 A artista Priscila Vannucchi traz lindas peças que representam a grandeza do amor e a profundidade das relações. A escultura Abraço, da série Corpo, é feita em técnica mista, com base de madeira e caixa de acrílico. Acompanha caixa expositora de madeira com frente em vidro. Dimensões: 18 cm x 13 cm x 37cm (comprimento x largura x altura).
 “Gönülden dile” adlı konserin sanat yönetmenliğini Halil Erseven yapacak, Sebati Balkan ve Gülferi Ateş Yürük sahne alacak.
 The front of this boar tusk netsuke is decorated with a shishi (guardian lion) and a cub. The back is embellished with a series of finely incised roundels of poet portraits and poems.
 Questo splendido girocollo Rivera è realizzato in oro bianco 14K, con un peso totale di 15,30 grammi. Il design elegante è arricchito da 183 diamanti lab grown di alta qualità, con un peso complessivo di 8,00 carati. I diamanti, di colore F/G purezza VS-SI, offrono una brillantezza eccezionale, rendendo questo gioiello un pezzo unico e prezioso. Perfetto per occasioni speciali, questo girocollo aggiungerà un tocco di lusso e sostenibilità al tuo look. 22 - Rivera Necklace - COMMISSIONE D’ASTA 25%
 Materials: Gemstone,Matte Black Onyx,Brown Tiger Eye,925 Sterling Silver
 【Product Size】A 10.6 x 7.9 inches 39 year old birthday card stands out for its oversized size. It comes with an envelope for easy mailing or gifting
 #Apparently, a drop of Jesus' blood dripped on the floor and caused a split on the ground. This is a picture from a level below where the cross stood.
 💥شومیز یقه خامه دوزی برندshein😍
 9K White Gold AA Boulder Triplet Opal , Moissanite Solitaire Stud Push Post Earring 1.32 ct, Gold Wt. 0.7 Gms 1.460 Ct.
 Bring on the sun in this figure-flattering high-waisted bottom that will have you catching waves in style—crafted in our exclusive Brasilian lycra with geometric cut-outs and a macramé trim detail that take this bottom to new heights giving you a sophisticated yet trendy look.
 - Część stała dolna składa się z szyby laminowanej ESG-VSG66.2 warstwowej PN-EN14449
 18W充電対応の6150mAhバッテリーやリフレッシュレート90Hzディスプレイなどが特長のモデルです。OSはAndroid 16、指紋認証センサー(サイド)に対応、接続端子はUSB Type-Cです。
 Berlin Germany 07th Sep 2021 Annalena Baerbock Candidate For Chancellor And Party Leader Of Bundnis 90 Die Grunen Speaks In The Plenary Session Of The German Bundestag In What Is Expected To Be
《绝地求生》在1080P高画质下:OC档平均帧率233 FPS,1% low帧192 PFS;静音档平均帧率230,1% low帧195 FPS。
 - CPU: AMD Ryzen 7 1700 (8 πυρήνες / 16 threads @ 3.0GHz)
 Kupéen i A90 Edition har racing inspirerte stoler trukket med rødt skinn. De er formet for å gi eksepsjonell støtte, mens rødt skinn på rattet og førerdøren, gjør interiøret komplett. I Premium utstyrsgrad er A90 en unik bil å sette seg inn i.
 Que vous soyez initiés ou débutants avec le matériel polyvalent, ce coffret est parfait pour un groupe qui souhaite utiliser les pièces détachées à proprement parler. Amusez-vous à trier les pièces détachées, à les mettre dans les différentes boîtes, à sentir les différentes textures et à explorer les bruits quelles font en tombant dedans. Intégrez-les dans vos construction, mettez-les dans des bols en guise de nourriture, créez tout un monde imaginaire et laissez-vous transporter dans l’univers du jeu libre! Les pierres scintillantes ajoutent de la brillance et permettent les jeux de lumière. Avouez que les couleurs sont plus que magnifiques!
★ ★ ★ ★ ★
_Problem to work on_
Take the listing above and repeat exactly the lines from the one containing "Bring on the" through the one containing "Kupéen i A90", both included.

_Task solution_
 Bring on the sun in this figure-flattering high-waisted bottom that will have you catching waves in style—crafted in our exclusive Brasilian lycra with geometric cut-outs and a macramé trim detail that take this bottom to new heights giving you a sophisticated yet trendy look.
 - Część stała dolna składa się z szyby laminowanej ESG-VSG66.2 warstwowej PN-EN14449
 18W充電対応の6150mAhバッテリーやリフレッシュレート90Hzディスプレイなどが特長のモデルです。OSはAndroid 16、指紋認証センサー(サイド)に対応、接続端子はUSB Type-Cです。
 Berlin Germany 07th Sep 2021 Annalena Baerbock Candidate For Chancellor And Party Leader Of Bundnis 90 Die Grunen Speaks In The Plenary Session Of The German Bundestag In What Is Expected To Be
《绝地求生》在1080P高画质下:OC档平均帧率233 FPS,1% low帧192 PFS;静音档平均帧率230,1% low帧195 FPS。
 - CPU: AMD Ryzen 7 1700 (8 πυρήνες / 16 threads @ 3.0GHz)
 Kupéen i A90 Edition har racing inspirerte stoler trukket med rødt skinn. De er formet for å gi eksepsjonell støtte, mens rødt skinn på rattet og førerdøren, gjør interiøret komplett. I Premium utstyrsgrad er A90 en unik bil å sette seg inn i.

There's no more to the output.